The e-learning team at the University of Bath was one of the early adopters of blog technologies to provide a forum for reflecting on e-learning in a Web content.   The blog was set up by Derek Morrison when he was head of the e-learning unit. Derek had an interest in exploring the potential of new technologies, with one example of this being the series of podcast interviews he recording and made available on the blog back in 2005.  This included an interview with John Dale about the innovative blogging service developed at the University of Warwick (the first large scale student blogging service in the UK)  and, perhaps not as noteworthy, an interview with me on my reflections of the WWW 2005 conference.

The name of the e-learning team’s blog was Auricle, which has an advantage of being a very Google-friendly name, and a Google search for “Auricle Bath” finds links to the blog itself and various page which refer to the blog. Unfortunately it seems that the blog no longer exists – following a link to the blog’s home page gets a 404 error message:

The web address was not found. It may have moved, or it may no longer be available.

How unfortunate – all that potentially valuable historical content giving views on the potential of the Web (including technologies such as blogs and podcasts) to enhance the quality of the student’s learning experiences now no longer available.  And how should the University of Bath feel about this loss of its intellectual endeavours and the role that the University had in being one of the early adopters of blogs by an e-learning team.

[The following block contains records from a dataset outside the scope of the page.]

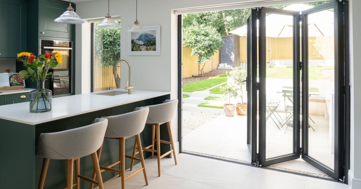 Create open, airy living spaces with aluminium bifolding doors. Perfect for kitchen extensions and garden rooms.
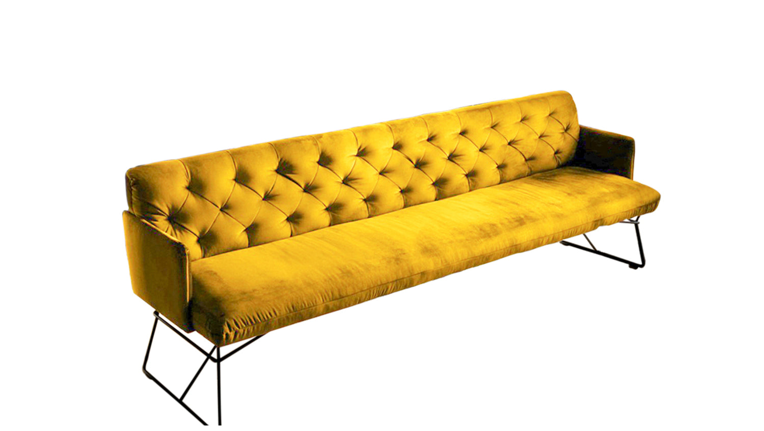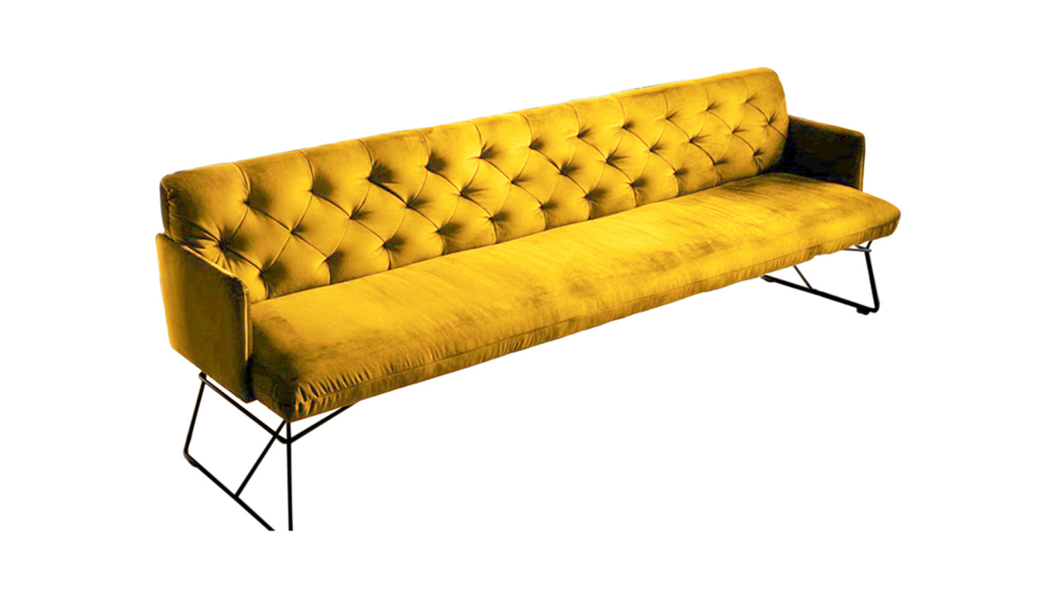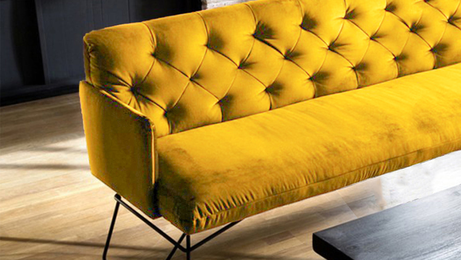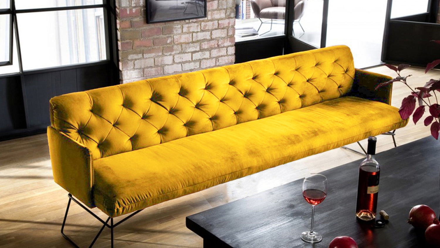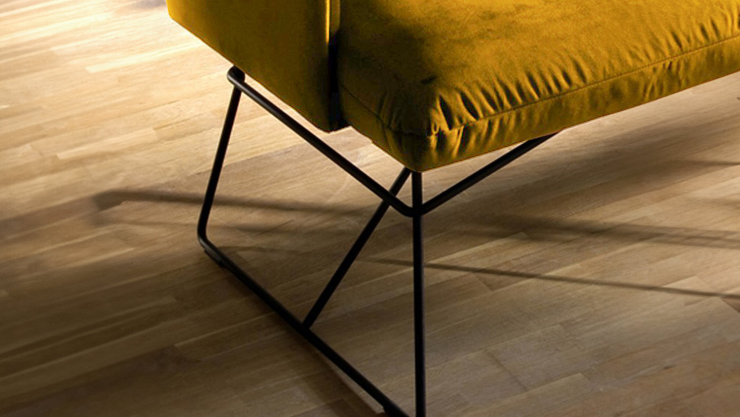Durch den legeren Sitzaufbau ist eine modellbedingte und gestalterisch gewünschte Wellenbildung warentypisch und unterstreicht den gemütlichen Faktor der Sitzbank. Die behagliche Polsterung wird durch den samtigen Velvet-Bezug noch einmal zusätzlich unterstrichen, sodass auch die Haptik der Bank gemütlich und kuschelig erscheint.
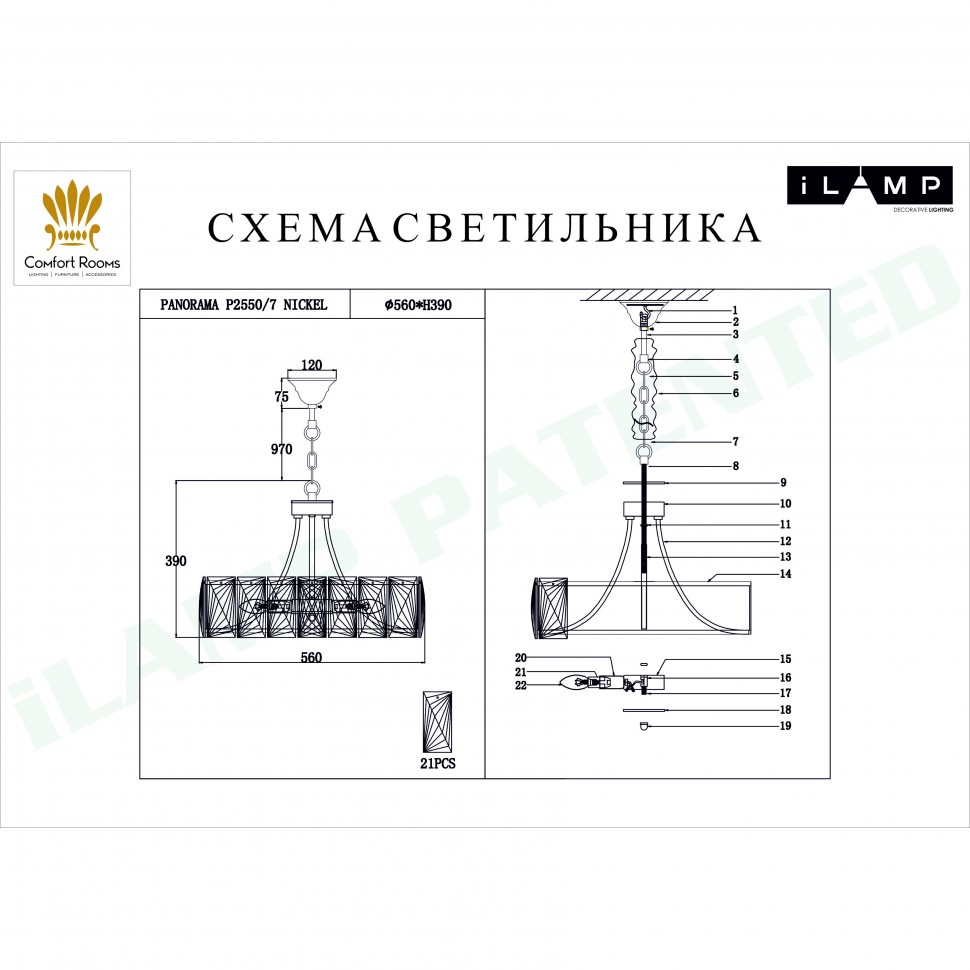 Подвесная люстра iLamp Panorama P2550-7 Nickel

Why Did The Blog Disappear?

The URL for the Auricle blog provides an indication of some of the reasons for the disappearance of the blog: dacs refers to the Division of Access and Continuing Studies and cdntl to the Centre for the Development of New Technologies in Learning – but neither of these departments still exists.  Following staff departures and organisational changes, support for learning at the University of now provided by the Learning and Teaching Enhancement Office (LTEO)  with the e-Learning Team having responsibility for managing and supporting e-learning developments.

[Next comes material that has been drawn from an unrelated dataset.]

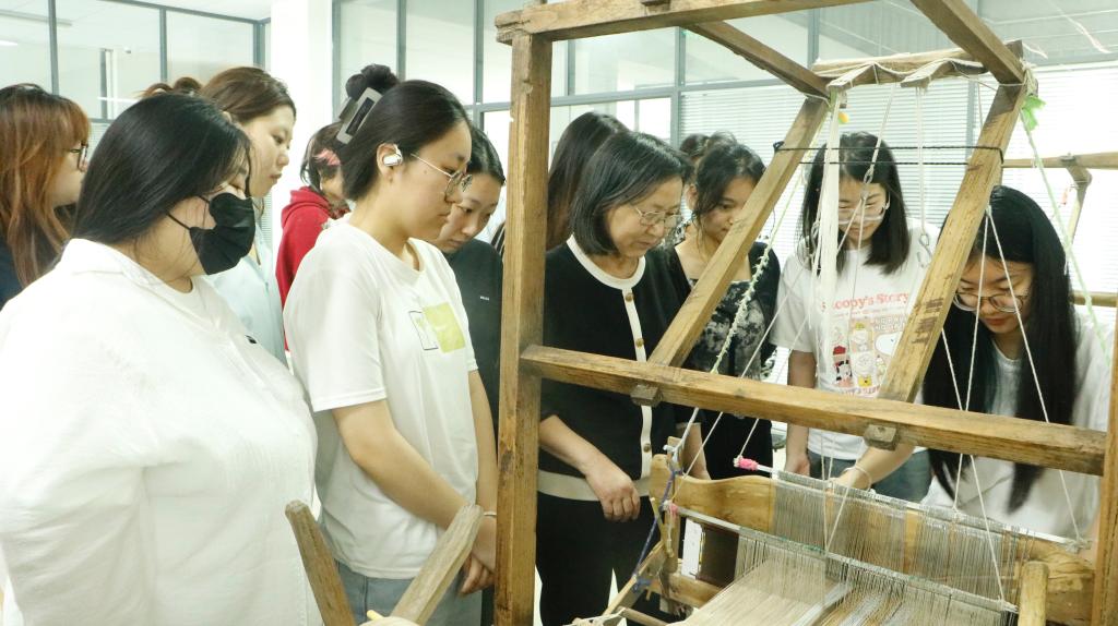 在实训教室内,鲁锦技艺传承人亲自上阵,现场演示鲁锦核心技艺,手把手指导学生操作传统木质织机。从经纬交织的精妙技巧,到“七十二道工序”的工艺精髓,师生们沉浸式体验千年技艺的匠心传承。学生团队在传承人的悉心指导下,对“万字纹”“合斗纹”等鲁锦经典图案进行创新解构,并发挥专业特长,将鲁锦元素巧妙融入服饰、文创等现代设计中,让古老的非遗技艺焕发出新的生机与活力。

In addition to these organisational changes, the pMachine part of the blog’s domain name refers to the pMachine blog engine and morriblog clearly refers to  Derek Morrison, who left the University a number of years ago to support the HE Academy’s Pathfinder programme.

It is perhaps not surprising that following such changes and the influx of a large number of new staff in the e-Learning Team that the Auricle blog got lost somewhere along the way!

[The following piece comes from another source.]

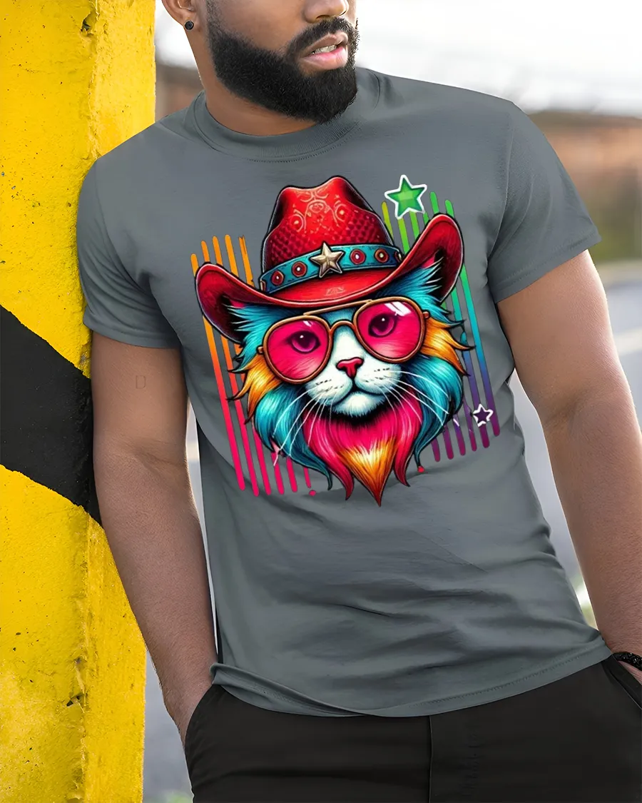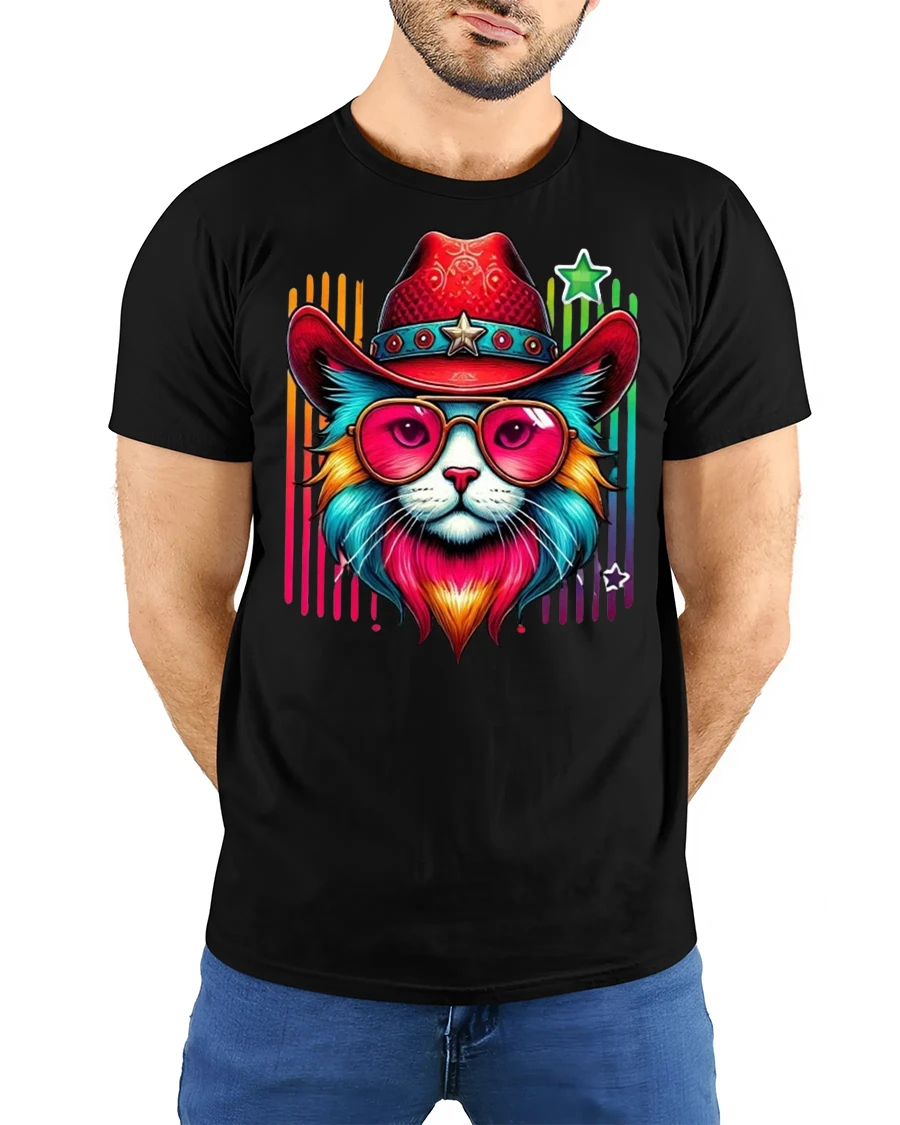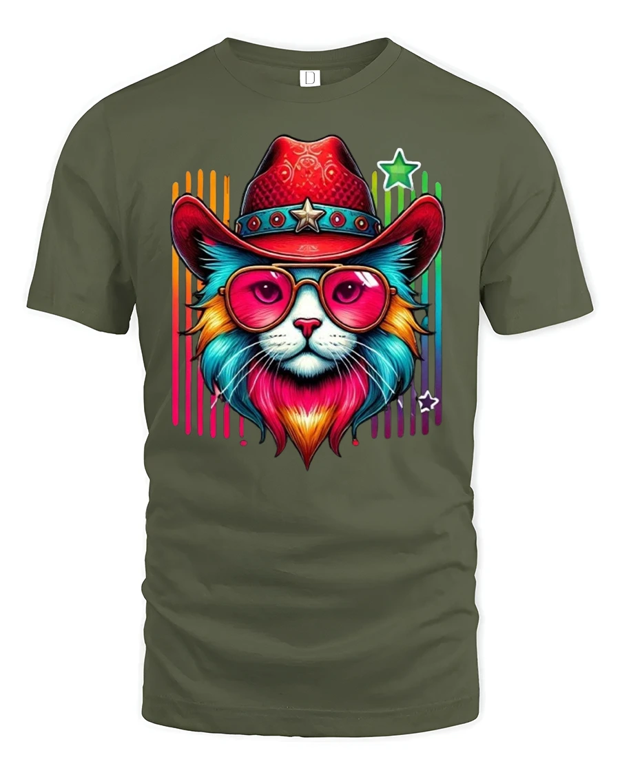 Retro Cowboy Cat Rainbow Shades Graphic Print Tee brings a mix of western flair and vibrant fun to your everyday style. Featuring a colorful cat rocking a cowboy hat, star badge, and retro sunglasses, this design is perfect for anyone who loves cats with attitude and fashion that stands out. The bold neon rainbow tones make this tee pop in any crowd.

Can We Retrieve Any Of The Resources?

Is it possible to retrieve any of the blog posts and related resources? Is it possible to obtain any details about the blog, such as when it was launched, the number of posts published during its lifetime, how popular it was and, perhaps, the impact that the blog may have had?

Since the blog was public, as opposed to a blog which was restricted to members of the University of Bath, the contents of the blog have been indexed by Google. And using a combination of search terms, such as “Auricle Bath”, it is also possible to discover Web resources which cite the Auricle blog. This helped me to find a blog post on Stephen Downes’s blog on The Weblog as the Model for a New Type of Virtual Learning Environment? in which Stephen (a high profile Canadian e-learning guru)  clearly acknowledged the importance of Derek Morrison’s views on the potential of the blog as providing “the basis for a distributed, not centralised, information and learning object system“:

The author of Auricle nails it. “In the weblog, however, the announcements, articles, stories are the raison d’etre’ so much so that, not satisfied to present articles from one source, the weblog has the temerity, due to the adoption of the RSS standard, to receive syndicated stories from other sources and, in turn, offer it’s own portfolio of articles for use by others. For example, a blog supporting a programme or module could be the vehicle by which faculty post date and time-stamped short articles relevant to the course but which also link to related, but distributed, learning resources which are presented via RSS feeds. Such feeds can be static or dynamic so that updated RSS formatted information will be reflected in whatever application is displaying it, e.g. a la Auricle’s RSS Dispenser. Here then is the basis for a distributed, not centralised, information and learning object system.” (My emphasis) Derek Morrison, Auricle, February 27, 2004.

And the date of Stephen’s post (27 February 2004) indicates that the Auricle blog was available in early 2004.

With some further use of Google I discover that the Auricle podcast resources are still available on the University of Bath Web site – and I’m pleased that the MP3 file of my interview has not been lost. The RSS file also contains the publication dates, which show that the podcasts were published during 2005. We seem to have unearthed some further information about the Auricle blog.

Rediscovering The Blog!

It required a Google search for “Auricle Morrison” for me to discover that the Auricle blog is alive and well! It is now hosted at (much better than the original URI!).  And as well as providing access to the original posts (although with a new look-and-feel, as the blog is now based on the WordPress blog software)  the blog is still active, with Derek using the blog to support his Pathfinder work at the HE Academy. As Chris Rusbridge pointed out on a post on “Digital Preservation” term considered harmful?” on the Digital Curation blog “phrases like “long term accessibility” or “usability over time” are better than the process-oriented phrase “digital preservation“. And here’s an example of how the Auricle blog has been preserved by continuing to still be used and accessible to its user community.

The Lessons

What are the implications of this case study for the wider community? And what lessons can be learnt?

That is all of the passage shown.